I bet you think the Balcony is were I stay a lot.  Yes I do, but I do have life after it.  I admit that lately it is in Doctor offices or hospital and that I could write about that.  But a little of that goes a long way.  The Halls are a good subject sometime.  I saw a lady yesterday who said that she and I are the oldest out here.  I think I know what she meant.  But she is not exactly right.  She told me how young I look for my age and what pretty skin I have.  Not wrinkled!  Oh well .I also met a friend who has a new rollator,  up to date white one.  My it looked pretty among all the black ones.  Wish mine was as pretty.  My poem will not come together.  I should not worry because it is always this way.  Thoughts race around and around my brain and then all of the sudden they come together.  Must wait and be patient.  Not my best thing to wait.  I have to remind myself the "Be still and wait."

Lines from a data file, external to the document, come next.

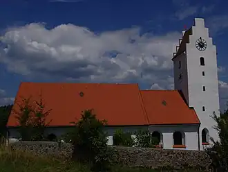 Die Saalkirche besteht aus einem eingezogenen romanischen Chor, der ursprünglich das Langhaus war, an den der spätgotische Chorturm aus der 2. Hälfte des 15. Jahrhunderts nach Osten angebaut war. Das heutige Langhaus wurde 1953/54 nach Westen an den heutigen Chor angefügt. Der Chorturms wurde im 18. Jahrhundert mit Geschossen aufgestockt, die den Glockenstuhl und die Turmuhr beherbergen. Außerdem wurde er quer mit einem Satteldach zwischen Staffelgiebeln bedeckt. Das Erdgeschoss des Chorturms ist mit einem Sterngewölbe überspannt, der heutige Chor mit einer Flachdecke. Zur Kirchenausstattung gehören der Hochaltar von 1712 und die Kanzel aus der 2. Hälfte des 17. Jahrhunderts.
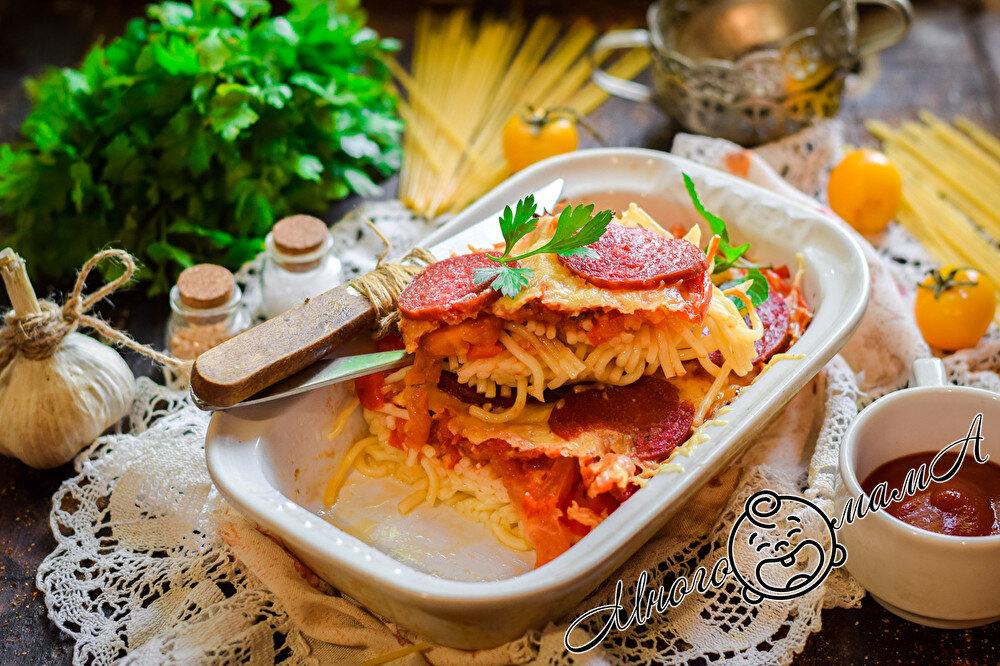 Зашла ко мне как-то в гости свекровь. Время было обеденное. Моя большая семья как раз дружно уселась за стол. Когда я подала основное блюдо и огласила его название — «Бона италиано», свекровь посмотрела удивленно. Настороженно попробовала кусочек и понаблюдала, с каким аппетитом уплетают его внуки. Потом пробормотала себе поднос: «Странное какое-то блюдо…». Но к концу обеда перед ней стояла пустая тарелка. Перед уходом домой свекровь попросила рассказать, как я готовлю эту необычную пиццу. И теперь частенько готовит ее сама. Блюдо получается сытное, потому что в его основе — спагетти. Как оказалось, пиццу можно приготовить и без основы из теста. Я покупаю пасту из твердых сортов пшеницы. Это гарантия того, что она не превратится в липкую кашу в процессе готовки. Одной 200-граммовой пачки хватает на 6 порций. На основу из спагетти я выкладываю традиционные компоненты пиццы: пару помидоров, болгарский перец, салями или пепперони. Колбасу можно купить сразу в нарезке или от общего куска
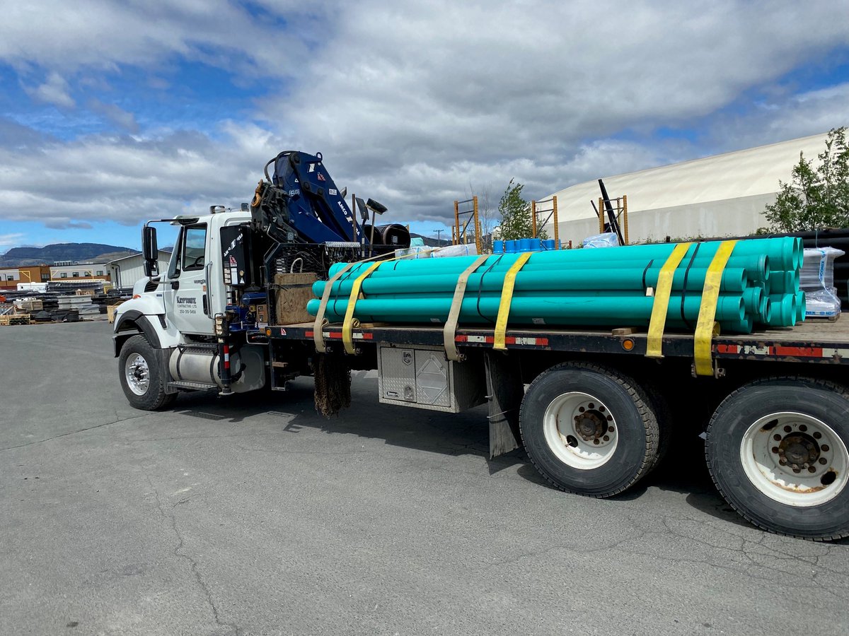 Pipes in motion! Our SDR pipes roll out from the ICONIX Kamloops, BC yard, to a job site in town! 🚚 #iconixww #SDRpipe #delivery
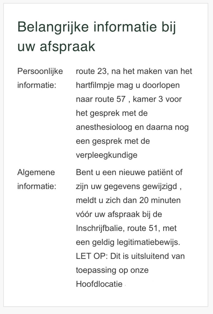 En zo wordt m’n agenda toch nog gevuld met maar liefst drie extra afspraken voor de tweede ronde van de ‘pre-operatieve screening’. En moet ik als nieuwe patiënt van tevoren ook nog even langs de inschrijfbalie. Vroeg op dus tzt!
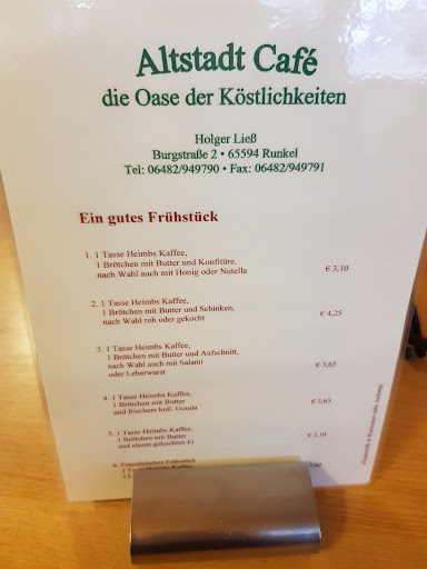 Read moreWar öfters schon mit meiner Frau in Runkel und haben dieses Kaffee besucht, Kuchen und Kaffee sind ok. Aber nach dem heutigen Vorfall werden wir dieses Kaffe nicht mehr aufsuchen. Wir haben mit unserem Enkelkind bei dem schönen Frühlingswetter einen Besuch in Runkel unternommen, waren erst an der Lahn, in der Nähe der Brücke, wo sich unser Enkelkind ein Eis aus der dort befindlichen Eisdiele gewünscht hatte, sie bekam eine Portion mit einer Waffel. Nach einem kurzen Spaziergang beschlossen wir, in das Kaffe (Altstadt-Café) an der Burg zu fahren, um Kuchen und Kaffee und eine heiße Schokolade, zu uns zunehmen. Nach unserem Eintritt in das Kaffee, wurden wir von einem Bediensteten, wahrscheinlich der Besitzer, angefaucht, das es nicht ginge, das unser Enkelkind ihr Rest Eis, in der Tüte, im Kaffee fertig essen dürfte. Solch eine Unverfrorenheit habe ich in einem öffentlichen Kaffee , oder Restaurant noch nie erlebt. Wir drehten uns auf dem Absatz um, verließen dieses Kaffee, fuhren nach Diez in ein Kaffee und verzehrten dort unseren Kuchen mit Kaffee und für unser Enkelkind, die...
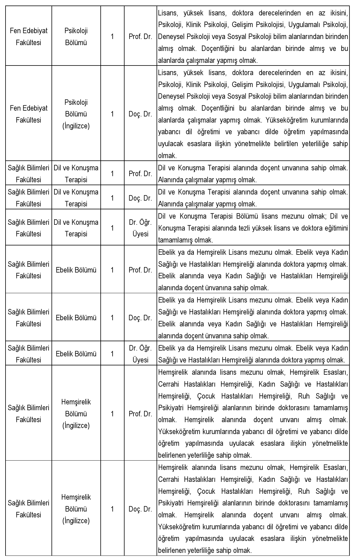 Üniversitemizin aşağıda belirtilen akademik birimlerine 2547 sayılı Yükseköğretim Kanunu ve Öğretim Üyeliğine Yükseltilme ve Atanma Yönetmeliği'nin ilgili maddeleri uyarınca, Üniversitemizin Akademik Birimlerine tam zamanlı öğretim üyeleri alınacaktır.
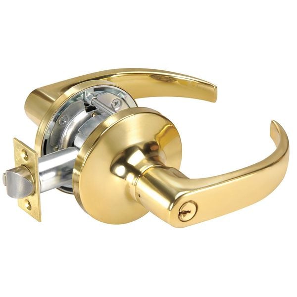 Lockset, Lever, Commercial, Pacific Beach ( Curved) Style, Bright Brass Finish, Function Storeroom, Grade 1, Material Heavy Gauge Steel, For Door Thickness 1 3/4 In., Backset 2 3/4 In., Front Size Dimension 1 1/4 In., Crossbore Size 2 1/8 In., Keying Different, Number of Keys 2, Pins 6, 1 1/4 x 4 7/8 ANSI Strike, Cylinder, Keyway Type Para, Standards ADA ANSI 117.1, UL LISTED, Fire Rated 3 Hours, For Use With Wood or Hollow Metal Doors
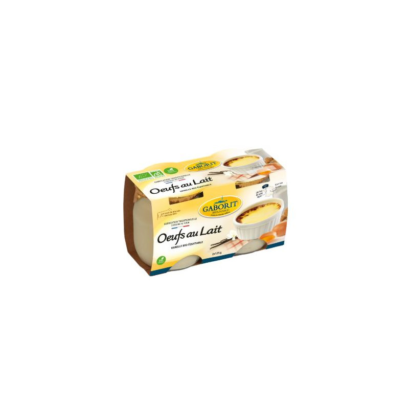 Les oeufs au lait ont une texture fondante et une douceur unique au palais ! C'est une recette traditionnelle de la famille Gaborit : du lait entier de Jersiaise, des oeufs frais, un peu de sucre roux non raffiné équitable et un soupçon de vanille bio et équitable de Madagascar. Avis aux amateurs de tendresse pour le palais, on devine d'abord le lait de Jersiaise et sa saveur florale caractéristique, puis vient le goût des oeufs, dans un bel équilibre.
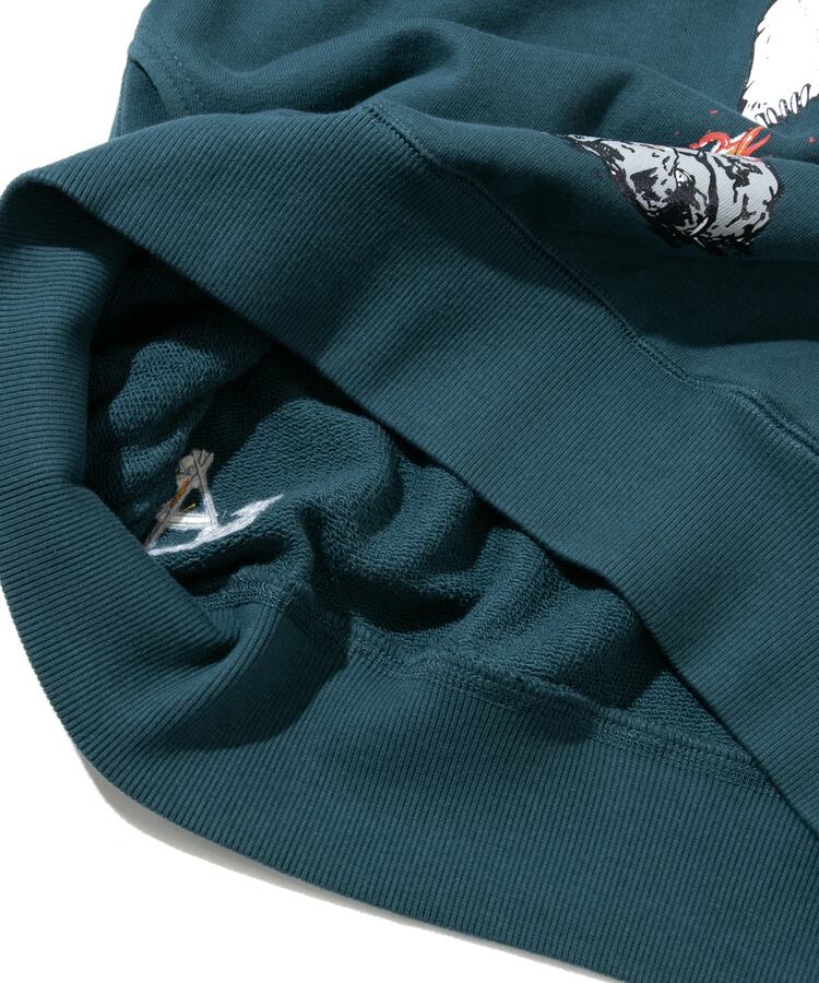 綿100%ヘビーウェイトの裏毛生地。表は空紡糸らしいガシッとした肌触りでありながら、裏のパイル面には太い裏糸を使用しているので空気を多く含みフワッと柔らかい着心地を実現。使い込むほどに風合いの増す生地。クラシック感のある長めのリブや3本針で丈夫な縫製などこだわりのディテールも取り入れた長くご愛用いただけるアイテム達です。
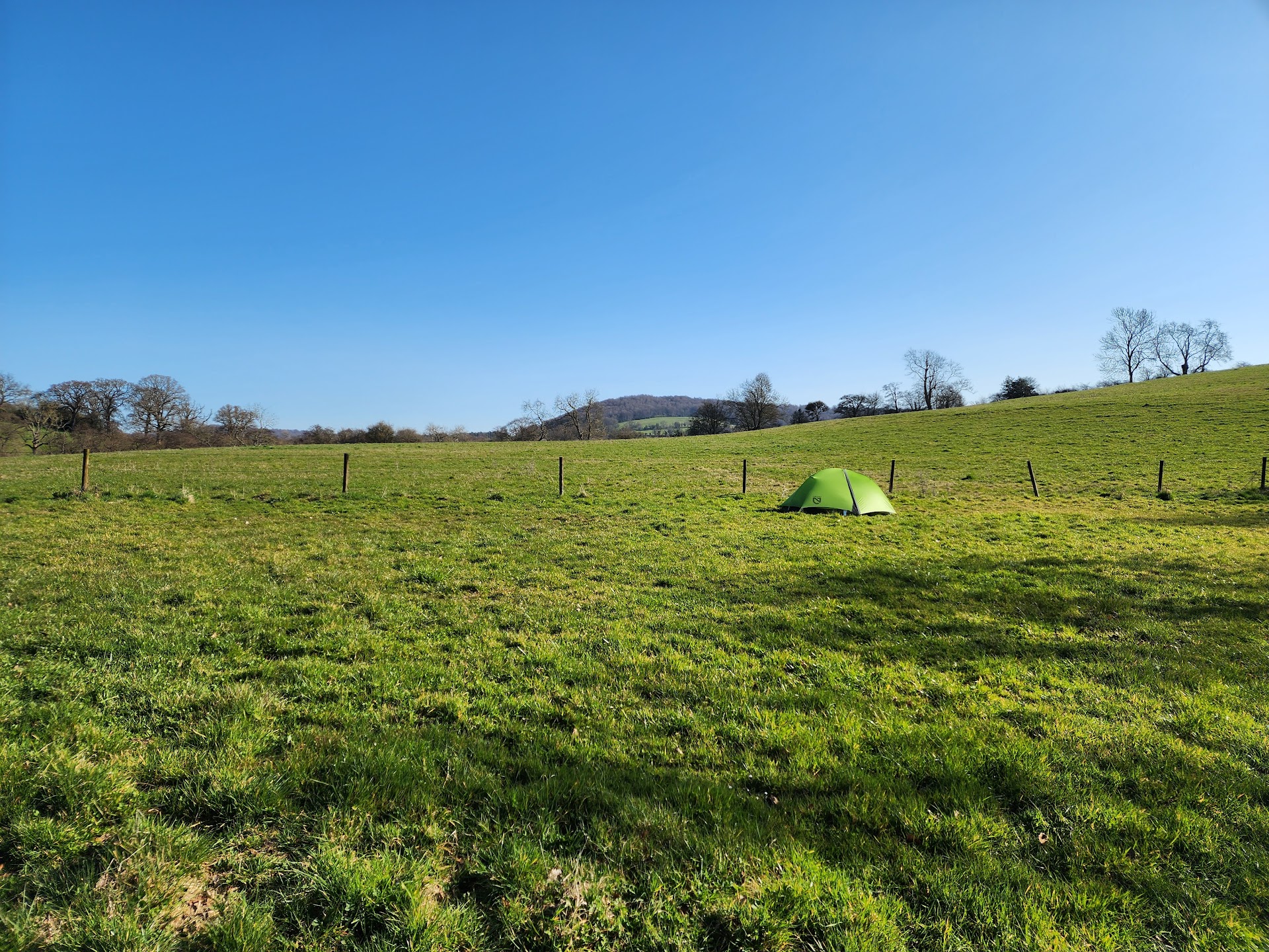 My wife and I recently hiked the Cotswold Way, and we stayed here on the third night of our hike. We booked a tent pitch.
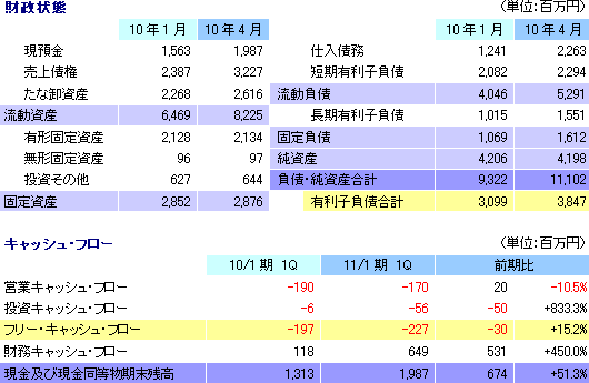 新設住宅着工戸数の低迷や公共投資の抑制に加え、春先の天候不順もあり、第1四半期は例年になく厳しい事業環境となった。同社においては、建材関係の販売強化や全国有力施工店を組織化した「リフォームガーデンクラブ」を中心とする施工店との取組み効果によりプロユース部門の売上が増加したものの、ホームセンター業界における春商戦の立ち上がりの遅れや会計制度の改正に伴う在庫圧縮等の影響を受けたホームユース部門が落ち込みが響いた。利益面では、ほぼ前年同期並みの売上総利益率を維持した事に加え、配送拠点の整理や在庫圧縮による物流費の削減等で販管費も減少したものの、減収の影響をカバーできず同6.2%の営業減益。為替差益の減少(40百万円→18百万円)や金融費用の増加(19百万円→23百万円)で営業外損益が悪化した他、税負担の増加もあり四半期純利益は同38.2%減少した。 (2)財政状態及びキャッシュ・フロー(CF)
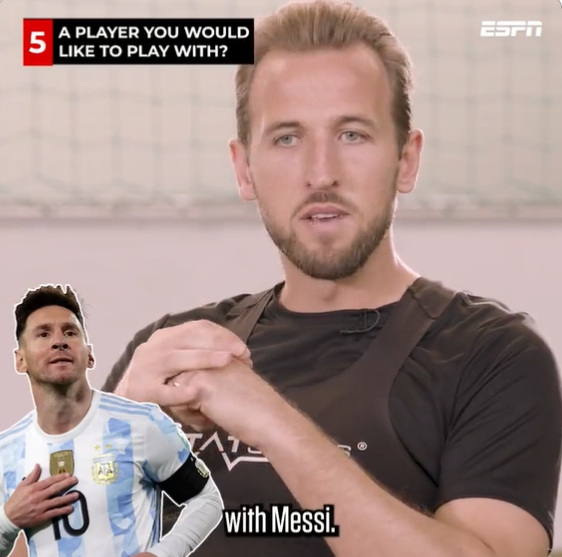 凯恩:我会想和梅西一起踢球,相信他能为我送出助攻
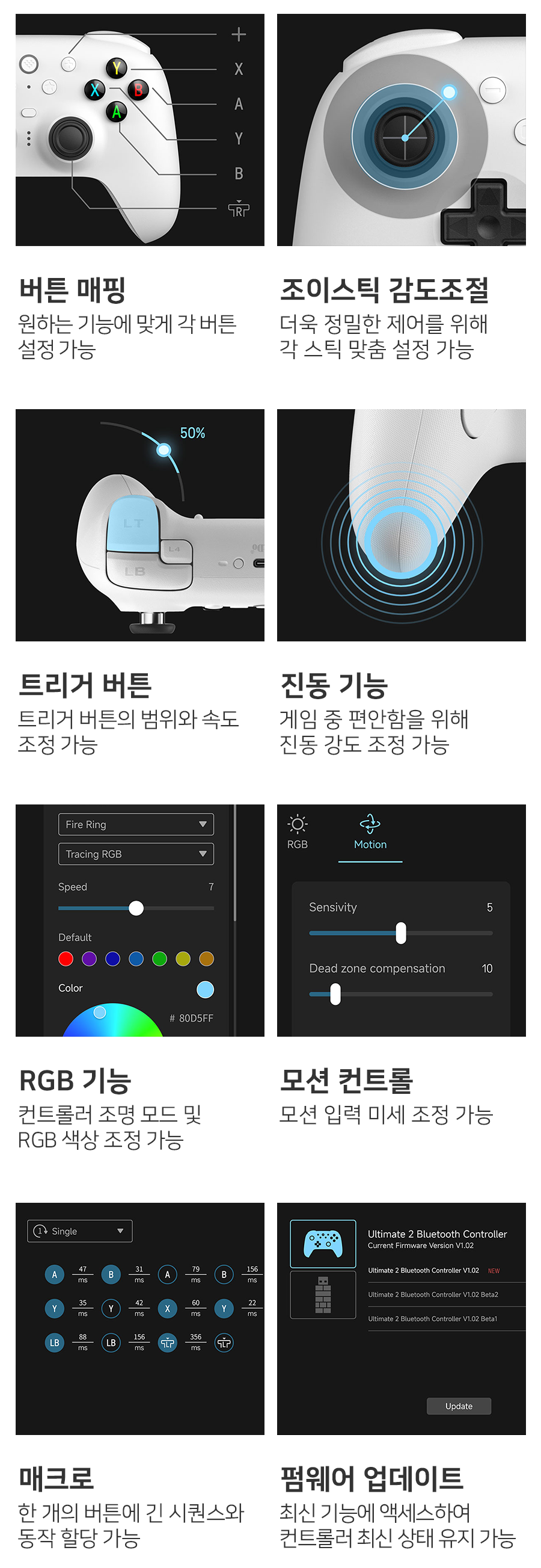 세련된 디자인과 탁월한 성능, 완벽을 추구하는 마감 품질로 유명한 8BitDo의 게임 컨트롤러, 키보드, 마우스 등 다양한 제품들을 국내 소비자 여러분께 소개하고 있습니다.

Jan came yesterday and brought groceries and we did a little business and had lunch in the Cyber.  I realized how Jan and Amy save me from going to assisted living.  They do so much for me that I can't do anymore.  It really has slipped up on me although it has been happening slowly but surely.  It happens this way and sometime sudden.  I have seen a lot.  It can be a little depressing when you know you are not in control.  A little frightening too.

Jan brought me the AARP magazine.  Willie Nelson was on the front page with a nice article about him.  She knows I like him.  I have CD's of his and I must play them again.  I kind of forgot him.  The fresh fruit has been outstanding this season and Jan and Amy have kept me supplied.  The peaches and watermelon are my favorite.  See I can talk about some good things.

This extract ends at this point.